Güncel

Bürokrasi Krallığı ve Erdoğan Savaşı Başlıyor mu(!)

Demokrasi en meşhur ifade ile “Halkın kendisini yönetmesi”  olarak yazıldı ve okundu. Her ne kadar böyle yazılıp okunsa da toplumları da devletleri de yönetenlerin halk değil küresel güçler olduğuna olan inanç inkâr edilmeyecek kadar gerçek. Evet, küreselciler artık eskisi kadar Demokrasi meftunu değil… Bir gece ansızın bir karar alıp “Toplanın demokrasi götüreceğiz” diyenler artık bu tür cümleler kurmaz oldu.

Kişisel ya da kurumsal boyutta kabul edilir ya da edilmez lakin bir sosyal gerçek var ki “Bürokrasi Krallığı” diye bir krallık var… Kimse krallıklar tarihte kaldı demesin…
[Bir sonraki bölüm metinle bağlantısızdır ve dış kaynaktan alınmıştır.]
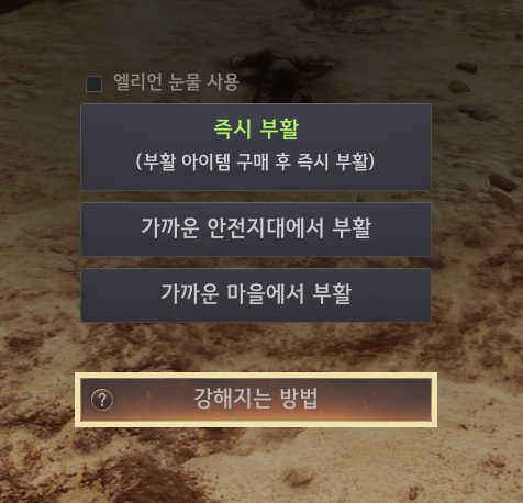 ● 신규, 복귀 모험가 캐릭터가 사망 시, 사망 화면에서 '강해지는 방법'에 대해 가이드를 볼 수 있는 버튼이 추가되었습니다.
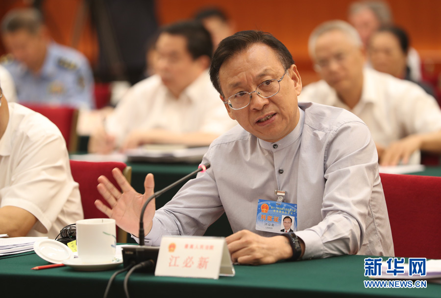 7月10日上午,十三届全国人大常委会第四次会议举行联组会议,就大气污染防治法执法检查报告进行专题询问。图为最高人民法院副院长江必新回答问题。新华网 郭小天 摄
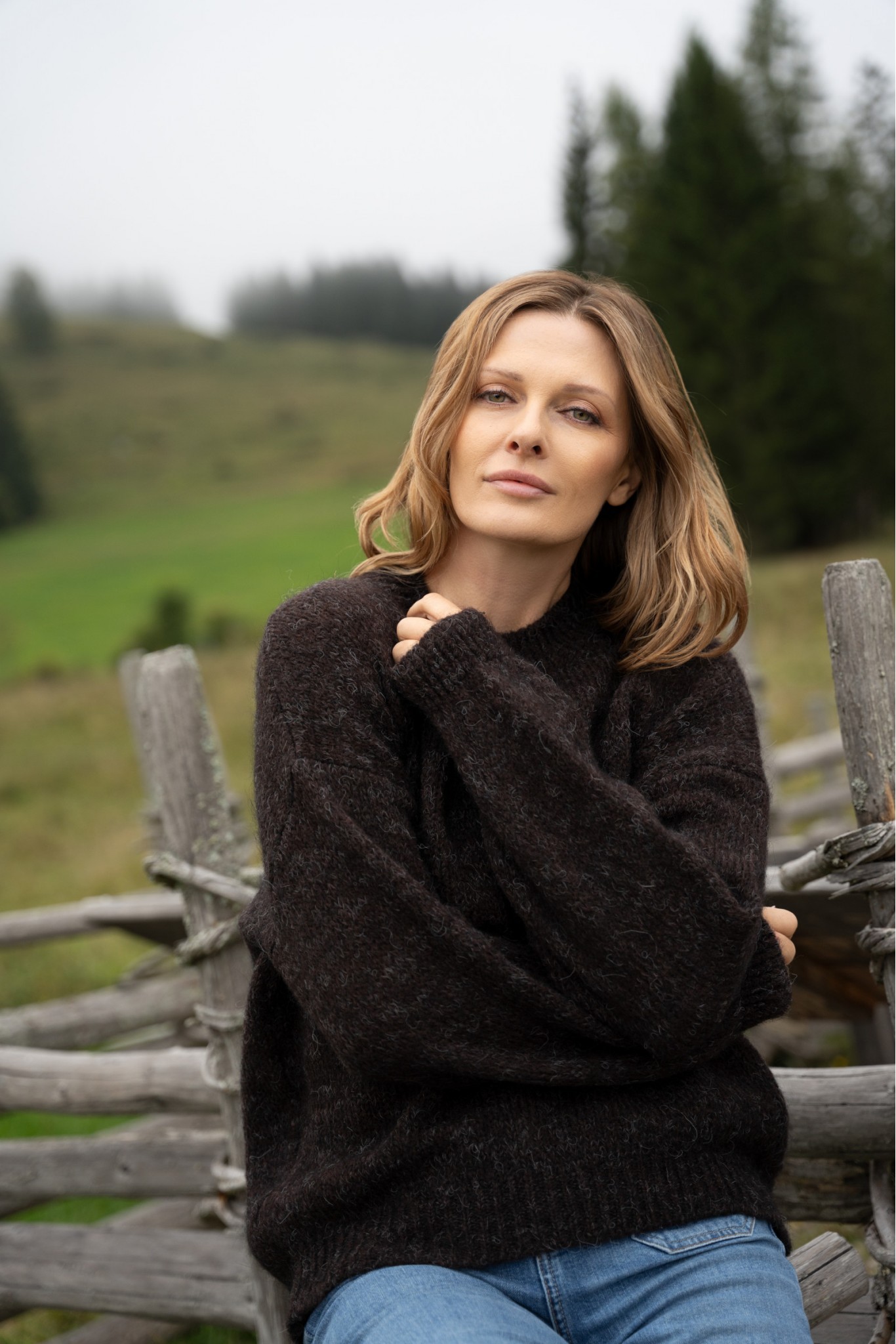 Miękki sweter z domieszką kid moheru to puchaty basic, który otula ciepłem i dodaje przytulności każdej stylizacji. Prosty, swobodny krój z obniżoną linią ramion zapewnia komfort i lekkość, a delikatnie puszysta dzianina nadaje mu wyjątkowo miękki charakter. Okrągły dekolt oraz lekko bufiaste rękawy podkreślają nowoczesny, „relaxed” styl, idealny na co dzień, do biura lub na weekendowy wyjazd. Wyraźne, prążkowane ściągacze przy mankietach i u dołu utrzymują fason i chronią przed chłodem. Długość lekko zakrywająca biodra sprawia, że sweter doskonale współgra z jeansami, spodniami z wyższym stanem lub satynową spódnicą. Minimalistyczny design czyni go wszechstronnym elementem kapsułowej garderoby.
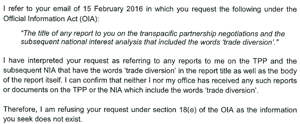 The New Zealand Minister of Trade and the Ministry of Foreign Affairs and Trade did not discuss this major risk even from the simplest preferential trading agreement in recent policy analysis of the TPPA as my Official Information Act request has revealed. The term trade version does not appear in any of their analysis.
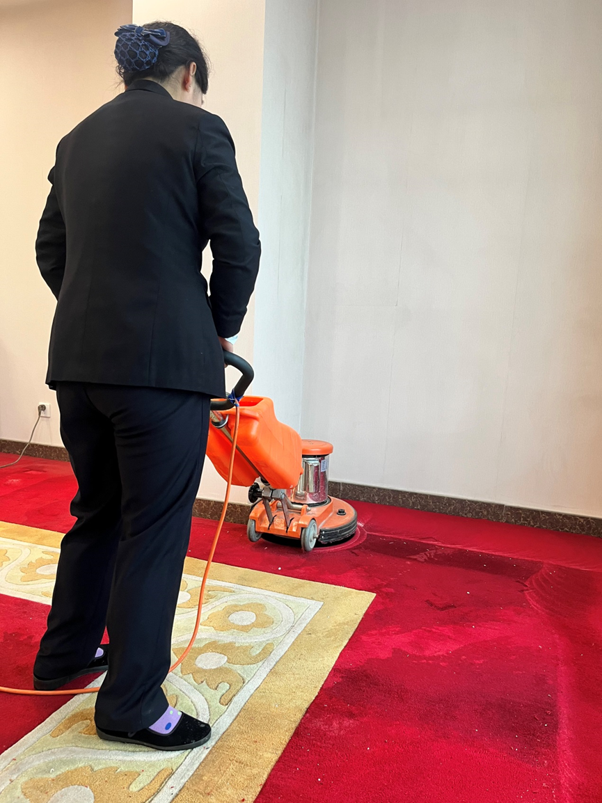 接待室是公安局对外交流的重要窗口,其环境的整洁程度直接影响着来访人员的第一印象。而地毯,作为接待室的重要装饰,经过长时间的使用,不仅积累了灰尘和污渍,还可能滋生细菌,影响室内空气质量。因此,项目处的物业团队决定对地毯进行一次全面而深度的清洗。
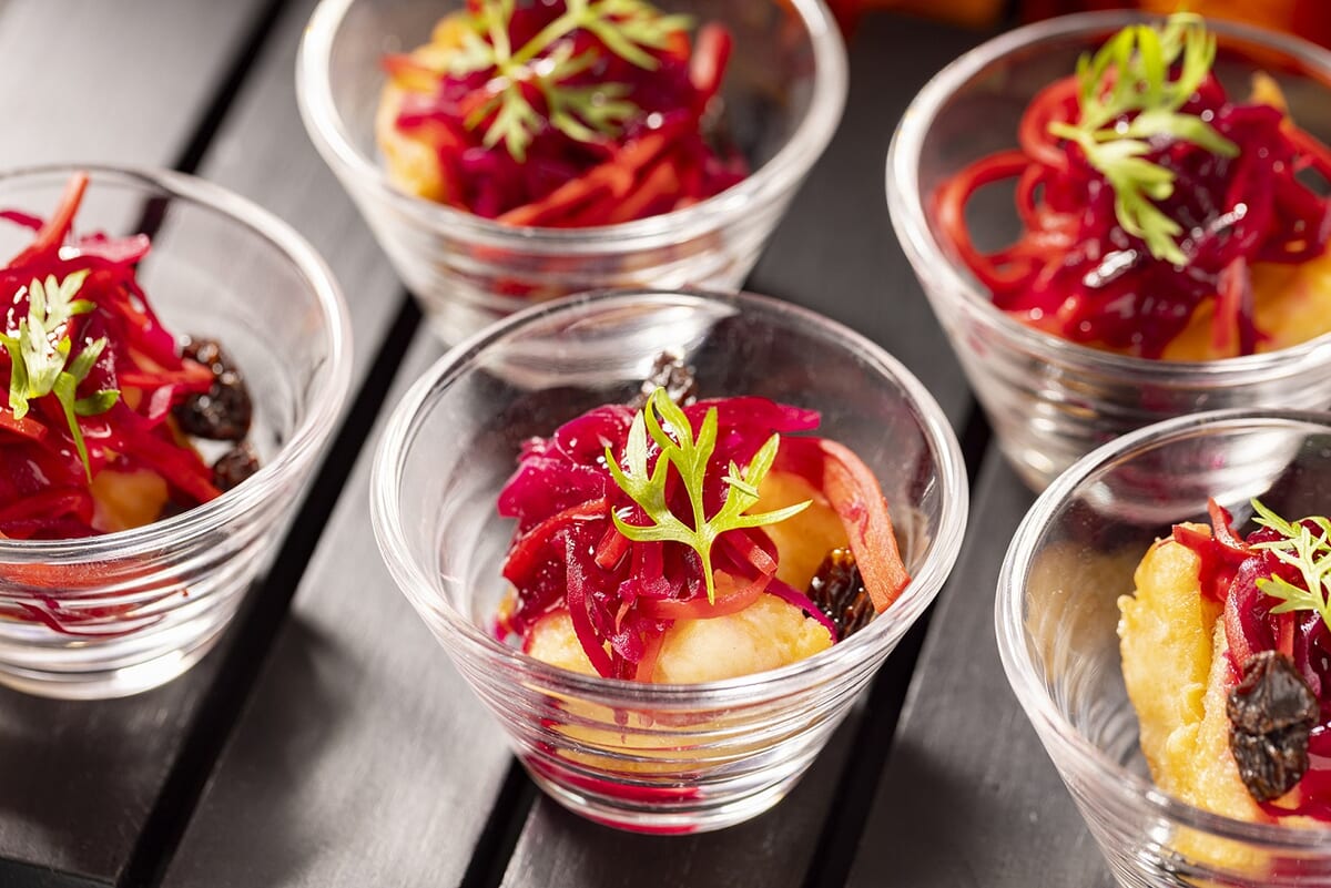 「いろいろなシーフードのエスカベッシュ」は、一口大のフィッシュフライに鮮やかな紫キャベツを合わせたセイボリー。
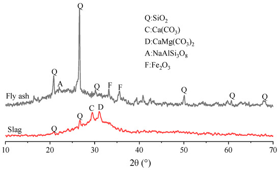 Figure 1 shows the XRD test results of raw materials fly ash and slag. Fly ash mainly contained amorphous substances and components such as quartz (SiO2), sodium feldspar (NaAlSi3O8), hematite (Fe2O3), etc. The slag mainly contained quartz (SiO2), calcite (CaCO3), dolomite (CaMg (CO3)2), and other components.
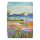 Two Sailboats and Cottage I by Karen Fields. Bright, fun scene with flowers, trees, a cottage, and sailboats out on the water.
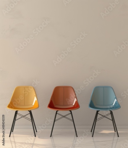 plastic chairs of different colors arranged in front of each other against the wall, minimalist interior design with neutral tones and a symmetrical composition.
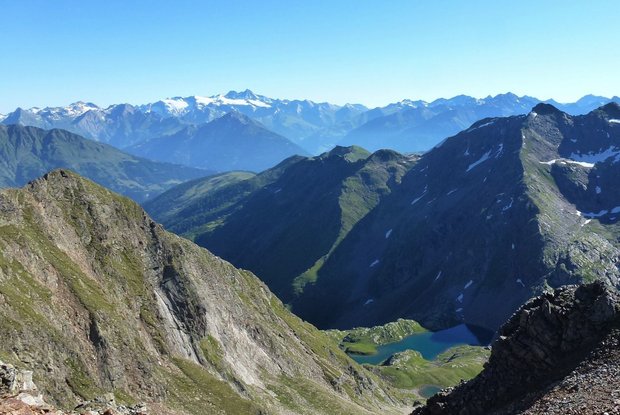 Von der Reiterstube taleinwärts auf der linken Talseite haltend vorbei an der Mooshofalm 1530m. Die Niederbruggeralm 1600m wird auf der linken Bachseite passiert bis wieder der Fahrweg Richtung Volkzein erreicht wird. Dort bei der Brunneralm 1630m weist der Steig 58 den Weg nach oben. Zuerst wird die Unterarnalm dann die Oberarnalm auf 1960m erreicht. Von den Oberen Arnkasern führt der Steig bergwärts zur Bodenhütte. Entlang der Markierung Nr. 323 führt uns ein alter Viehsteig über eine mittelsteile Rasenflanke hinauf und wir erreichen nach einem kurzen Blocktälchen die Wegtafeln. Bei der Wegtafel folgen wir aber der Markierung Nr. 23 zum Mitterberg und von hier dem Steig Nr. 24 zur Hoferalm. Ein Stück nach der Hoferalm weist der Wegweise rechts nach oben zum Villgrater Joch mit 2583m (Hofer Kreuz). Vom Hofer Kreuz gleicher Abstieg und eine Tafel auf einem Steinmann weist zur Volkzeiner Hütte (Nr. 324). Dem Weg Nr. 324 folgend, gelangen wir leicht ansteigend zu einem aus Steinen angelegten Viehpferch und später auf eine Hangschulter. Dahinter breitet sich ein herrlicher Terrassenboden aus, auf welchem wir zur Leisacheralm gelangen. Absteigend über Almen und Wiesen sehen wir bereits unten im Tal die Almen von Volkzein, mit Übernachtungsmöglichkeit in der Volkzeinerhütte.
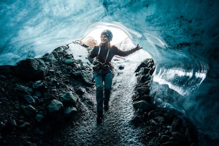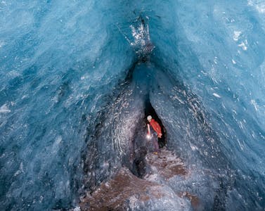 You will spend about 3 hours hiking on the glacier, exploring the uniquely carved landscapes of the Falljökull outlet. Your guide will lead you to the most magnificent parts of the ice, including fascinating geological formations like deep crevasses and moulins. The most memorable part of the tour is the opportunity to walk inside the naturally formed blue ice cave, giving you an up-close look at the dazzling blue ice. Throughout the excursion, you will learn about the formation and geology of glaciers and their constant change.After returning to the meeting point, enjoy a complimentary hot drink (coffee/hot chocolate) and a candy bar.
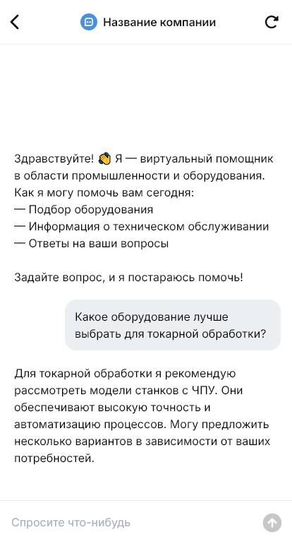 Промышленное оборудование продаётся быстрее когда бот собирает требования и проверяет совместимость с производством
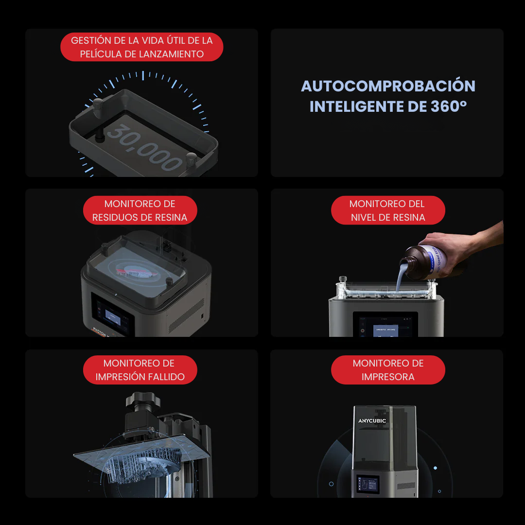 Sistemas de Asistencia Inteligentes: El Photon Mono 4 Ultra está equipado con sistemas de asistencia que garantizan un uso eficiente y seguro. La detección de errores en las impresiones, la monitorización de residuos de resina, y la verificación automática de la cantidad de resina antes de iniciar la impresión son solo algunas de sus características. Además, se realiza una autocomprobación rápida de los componentes y se gestiona la vida útil de la película de liberación, recordando su reemplazo después de un uso prolongado.
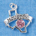 C3056 - "Houston" Outline Texas with Large Light Pink Swarovski Crystal Stone - Silver Plated Charm
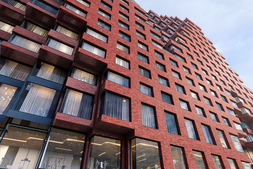 В премиальном проекте Red7 (на фото), который ГК «Основа» строит на Садовом кольце в Москве, приступили к облицовке фасада красным кирпичом. Его изготовили специально для комплекса на немецкой фабрике Deppe. Работы начались на торце дома со стороны здания ВЭБ. Об этом сообщила пресс-служба девелопера.
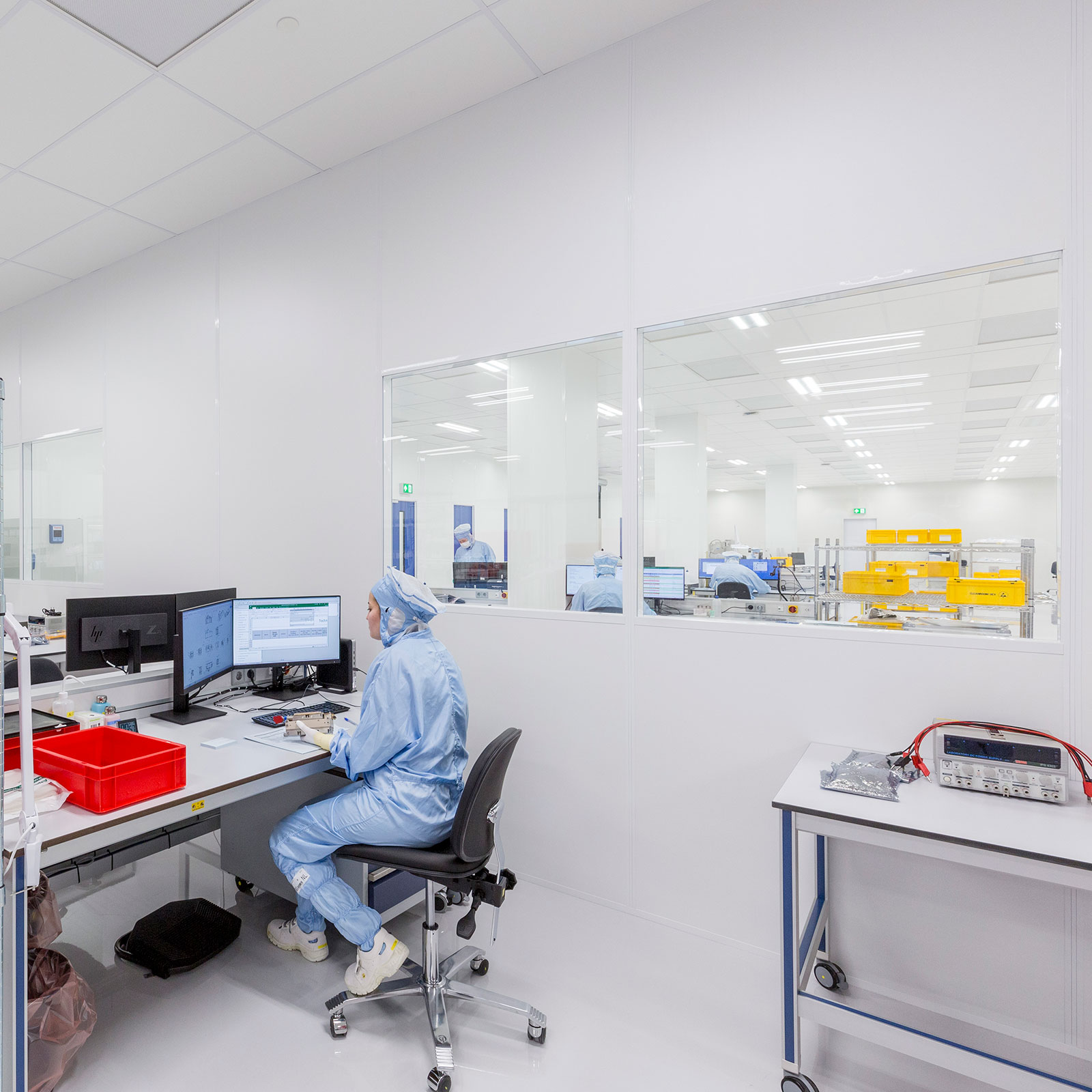 Cleanroom windows flush installed 1200 x 1200 mm (wxh) in size, consisting of aluminium profiles and 2 layers of safety glass 6 mm thick. The window is fully correctly sealed using prefabricated sealant joints.

Bürokrasi yeni bir kavram ya da sosyal gerçeklik değildir. Asırlardır çeşitli mecralarda bu kavram dillendirilse de günümüzde inkar edilemeyecek bir gücü var hatta bu güç her geçen gün karşı konulmaz güç haline gelmektedir. Tabii ki de bu salt bürokrasinin gücü değildir…

Emir alan bürokrasi son yıllarda söz dinlemeyen olmuştur. Bürokrasi hizmet götüren olmayı değil hizmeti tıkayan olmuştur. Gelin önce küresel güçler neden Türkiye’de demokrasiye olan inancını ve umudunu kaybetti de tercihlerini bürokrasiden yana kullandılar? Bu sorunun önemli birden çok sebebi olabilir lakin biz öncelikli olandan başlayalım…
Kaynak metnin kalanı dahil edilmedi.